* _Exercise objective_
Below, locate the line that contains "Llp Partner Resignation". Repeat exactly from that line to the line that contains "दक्षिण हरियाणा बिजली", inclusive, leaving out the pictures.

--- Provided entries Enclosed Below ---

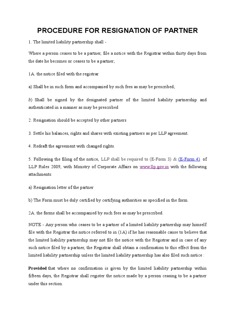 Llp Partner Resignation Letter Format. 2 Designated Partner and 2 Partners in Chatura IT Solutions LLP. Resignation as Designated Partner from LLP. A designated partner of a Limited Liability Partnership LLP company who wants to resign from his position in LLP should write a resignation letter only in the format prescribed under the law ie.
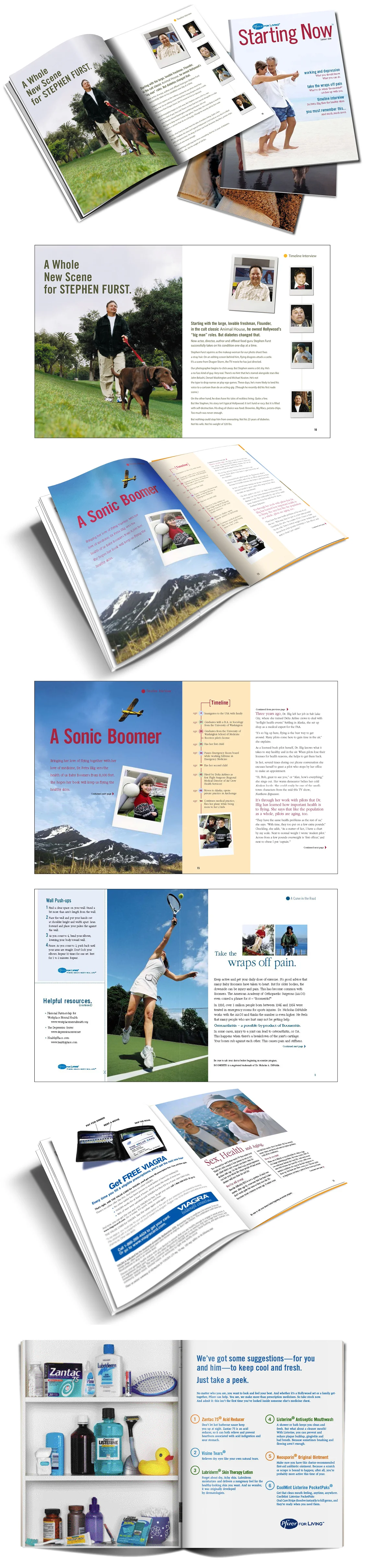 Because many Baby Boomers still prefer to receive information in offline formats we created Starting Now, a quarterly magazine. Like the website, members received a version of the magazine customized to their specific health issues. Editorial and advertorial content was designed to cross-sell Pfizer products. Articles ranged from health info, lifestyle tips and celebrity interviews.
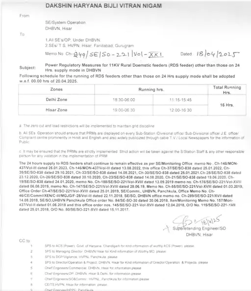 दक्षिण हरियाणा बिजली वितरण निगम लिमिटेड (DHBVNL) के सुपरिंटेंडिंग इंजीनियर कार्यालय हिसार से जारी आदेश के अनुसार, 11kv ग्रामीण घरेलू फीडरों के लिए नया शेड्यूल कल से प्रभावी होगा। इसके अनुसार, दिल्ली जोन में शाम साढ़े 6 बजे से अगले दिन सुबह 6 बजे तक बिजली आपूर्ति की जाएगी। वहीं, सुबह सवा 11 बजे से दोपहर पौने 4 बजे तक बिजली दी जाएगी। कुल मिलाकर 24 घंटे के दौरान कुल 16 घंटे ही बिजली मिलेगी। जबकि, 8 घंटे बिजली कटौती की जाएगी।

--- End of Enclosed Provided entries ---
--- Provided entries Enclosed Below ---

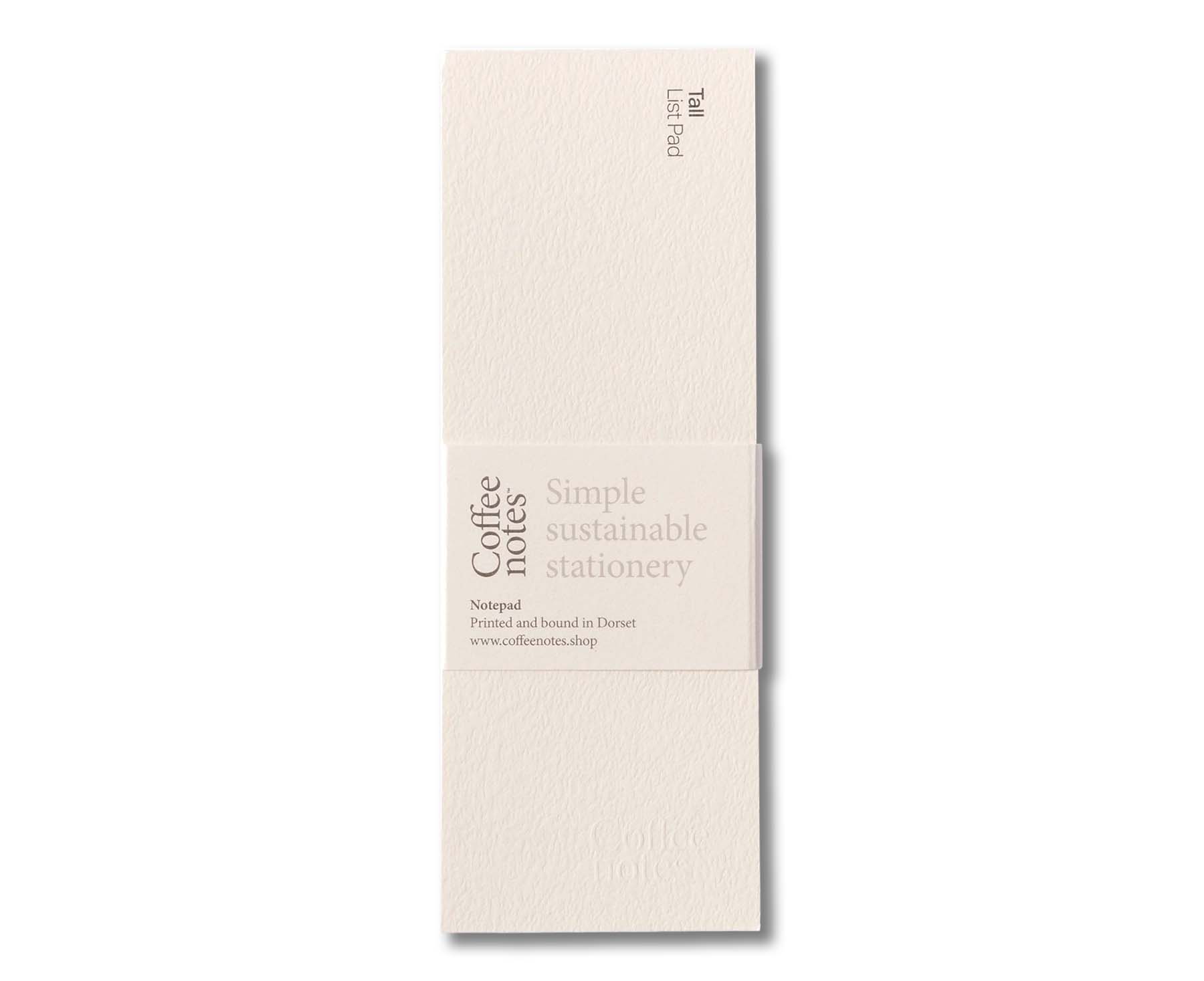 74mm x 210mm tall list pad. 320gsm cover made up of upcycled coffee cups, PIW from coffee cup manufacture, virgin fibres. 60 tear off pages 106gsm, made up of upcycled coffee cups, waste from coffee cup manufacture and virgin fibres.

--- End of Enclosed Provided entries ---

* _Answer below_
 Llp Partner Resignation Letter Format. 2 Designated Partner and 2 Partners in Chatura IT Solutions LLP. Resignation as Designated Partner from LLP. A designated partner of a Limited Liability Partnership LLP company who wants to resign from his position in LLP should write a resignation letter only in the format prescribed under the law ie.
 Because many Baby Boomers still prefer to receive information in offline formats we created Starting Now, a quarterly magazine. Like the website, members received a version of the magazine customized to their specific health issues. Editorial and advertorial content was designed to cross-sell Pfizer products. Articles ranged from health info, lifestyle tips and celebrity interviews.
 दक्षिण हरियाणा बिजली वितरण निगम लिमिटेड (DHBVNL) के सुपरिंटेंडिंग इंजीनियर कार्यालय हिसार से जारी आदेश के अनुसार, 11kv ग्रामीण घरेलू फीडरों के लिए नया शेड्यूल कल से प्रभावी होगा। इसके अनुसार, दिल्ली जोन में शाम साढ़े 6 बजे से अगले दिन सुबह 6 बजे तक बिजली आपूर्ति की जाएगी। वहीं, सुबह सवा 11 बजे से दोपहर पौने 4 बजे तक बिजली दी जाएगी। कुल मिलाकर 24 घंटे के दौरान कुल 16 घंटे ही बिजली मिलेगी। जबकि, 8 घंटे बिजली कटौती की जाएगी।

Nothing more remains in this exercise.